The conclusion to the crossover event pairing up two pulp inspired icons hits this week. The Rocketeer/The Spirit: Pulp Friction #4 is written by Mark Waid with art by J Bone. Rom Fajardo handles colors with Tom B. Long providing lettering. The event has been flying high so far, but does the finale sink or soar?

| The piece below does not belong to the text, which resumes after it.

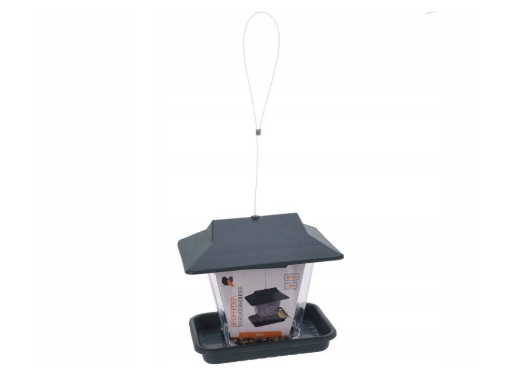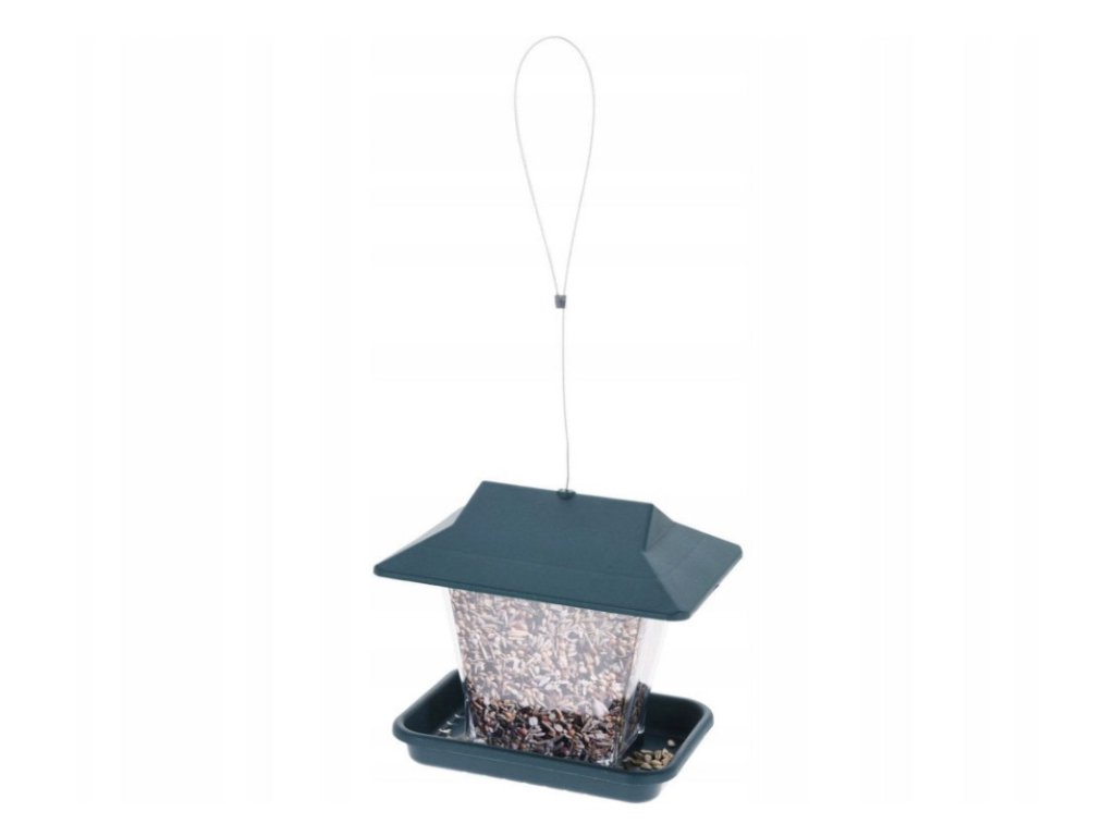 Praktická konstrukce: stříška chrání před srážkami, přístup k zásobníku na zrno je jednoduchý a pohodlný.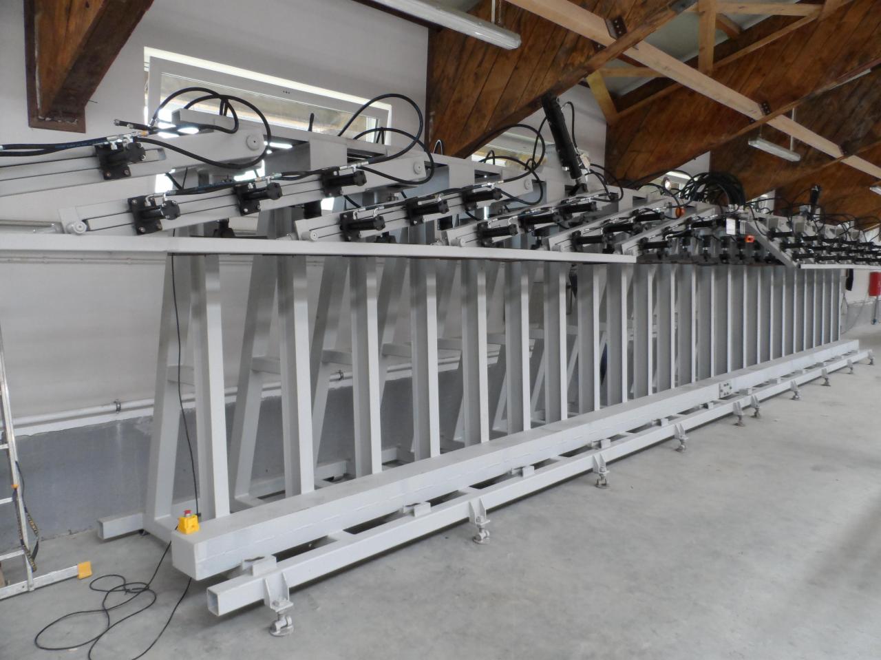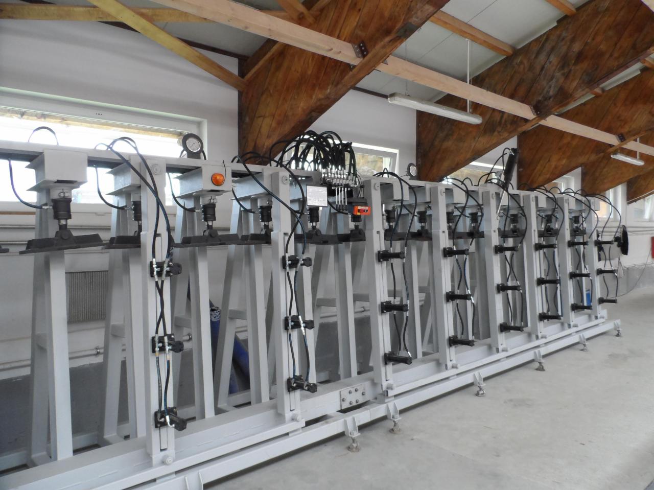 hydraulicznego docisku wyrównującego wsad, są wahliwie osadzone na konstrukcji i połączone cięgnem, sprzęgnięte z siłownikiem hydraulicznym pozwalają w bardzo szybki i łatwy sposób opróżniać prasę.Konstrukcja posiada własne poziomowanie i pionowanie przez zastosowanie śrub regulacyjnych. Urządzenie jest wyposażone w dwie pompy hydrauliczne: pompę zalewową i pompę pomocniczą utrzymującą stałe ciśnienie w trakcie trwania procesu klejenia. Maszyna posiada sygnalizację świetlną i dźwiękową. Podstawową wielkością jest moduł prasy o długości 6 m, z możliwością rozbudowy o kolejne moduły.

The Shadow is at the mercy of a brain…let’s go with scrambled instead of washed, Betty who has been instructed by the Octopus to kill The Shadow. Our ghoulish hero is able to snap her out of her trance before she’s able to do the deed, but he’s still in a world of trouble. While the Octopus is sticking to the shadows, his henchmen are more than happy to go a few rounds with the masked hero. Across town The Rocketeer is trying to get to Betty and save the day. Surprisingly Cliff gets a little help from the boys in blue. As The Rocketeer and the cops race to the warehouse where The Shadow and the matter transporting cameras are, the second part of the villains’ plans is enacted. Our two heroes think they’ve save the day even though Octopus got away, but there is one card left to flip over. The most powerful man in the world is in danger and only The Rocketeer and The Shadow can save him. The stakes just go larger. Can our heroes handle it? How will this uneasy alliance end?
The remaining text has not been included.